▶ MATERIAL FOR THE TASK:
▬▬▬▬▬▬
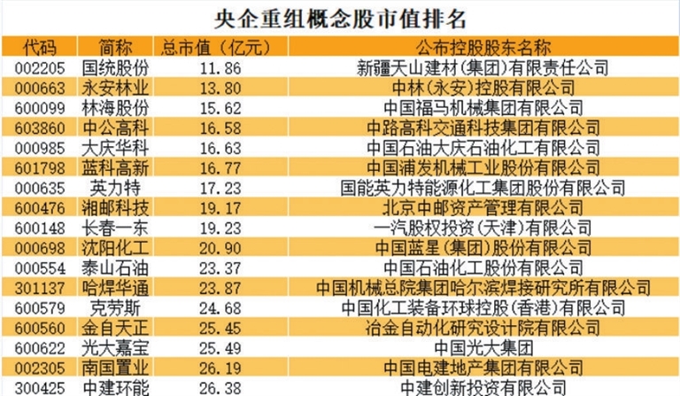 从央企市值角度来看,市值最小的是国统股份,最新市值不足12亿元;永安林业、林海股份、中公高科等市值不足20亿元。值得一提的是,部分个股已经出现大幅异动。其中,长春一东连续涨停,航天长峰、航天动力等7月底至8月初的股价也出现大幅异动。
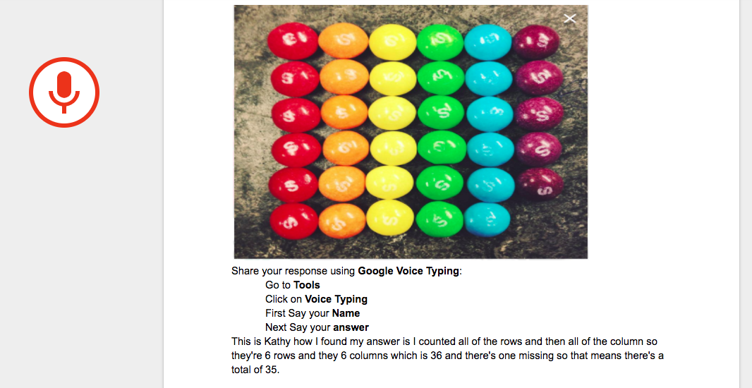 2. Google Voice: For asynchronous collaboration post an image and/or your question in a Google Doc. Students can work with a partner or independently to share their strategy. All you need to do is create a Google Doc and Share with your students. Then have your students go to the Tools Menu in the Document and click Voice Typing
▬▬▬▬▬▬
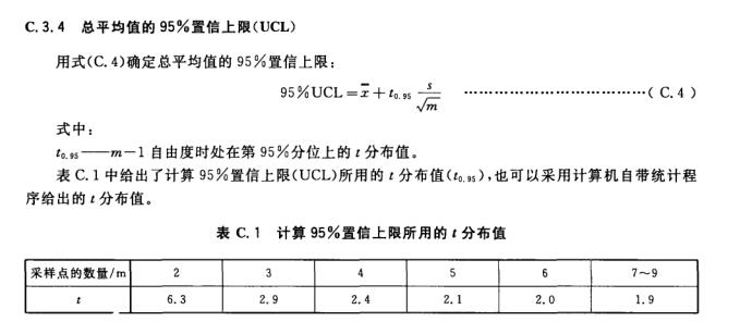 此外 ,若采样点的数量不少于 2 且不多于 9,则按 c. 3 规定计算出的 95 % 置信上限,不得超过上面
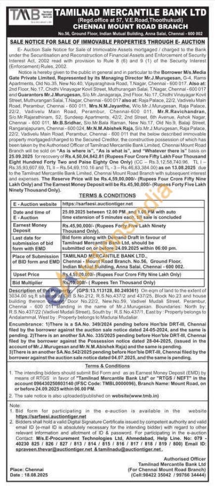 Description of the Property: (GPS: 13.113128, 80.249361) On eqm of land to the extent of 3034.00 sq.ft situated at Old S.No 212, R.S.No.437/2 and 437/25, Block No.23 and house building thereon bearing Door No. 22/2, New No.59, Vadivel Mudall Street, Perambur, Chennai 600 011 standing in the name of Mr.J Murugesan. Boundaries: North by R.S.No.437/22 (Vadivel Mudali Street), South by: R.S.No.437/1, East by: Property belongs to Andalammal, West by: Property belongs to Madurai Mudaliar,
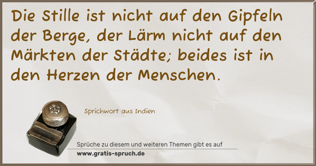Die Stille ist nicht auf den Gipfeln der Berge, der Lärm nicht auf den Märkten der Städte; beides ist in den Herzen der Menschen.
▬▬▬▬▬▬
▶ TASK DETAILS: A clean copy is needed of the lines in the listing above from the one with "此外 ,若采样点的数量不少于 2" through the one with "Die Stille ist", exact in every word and free of pictures.

▶ EXPECTED ANSWER:
 此外 ,若采样点的数量不少于 2 且不多于 9,则按 c. 3 规定计算出的 95 % 置信上限,不得超过上面
 Description of the Property: (GPS: 13.113128, 80.249361) On eqm of land to the extent of 3034.00 sq.ft situated at Old S.No 212, R.S.No.437/2 and 437/25, Block No.23 and house building thereon bearing Door No. 22/2, New No.59, Vadivel Mudall Street, Perambur, Chennai 600 011 standing in the name of Mr.J Murugesan. Boundaries: North by R.S.No.437/22 (Vadivel Mudali Street), South by: R.S.No.437/1, East by: Property belongs to Andalammal, West by: Property belongs to Madurai Mudaliar,
Die Stille ist nicht auf den Gipfeln der Berge, der Lärm nicht auf den Märkten der Städte; beides ist in den Herzen der Menschen.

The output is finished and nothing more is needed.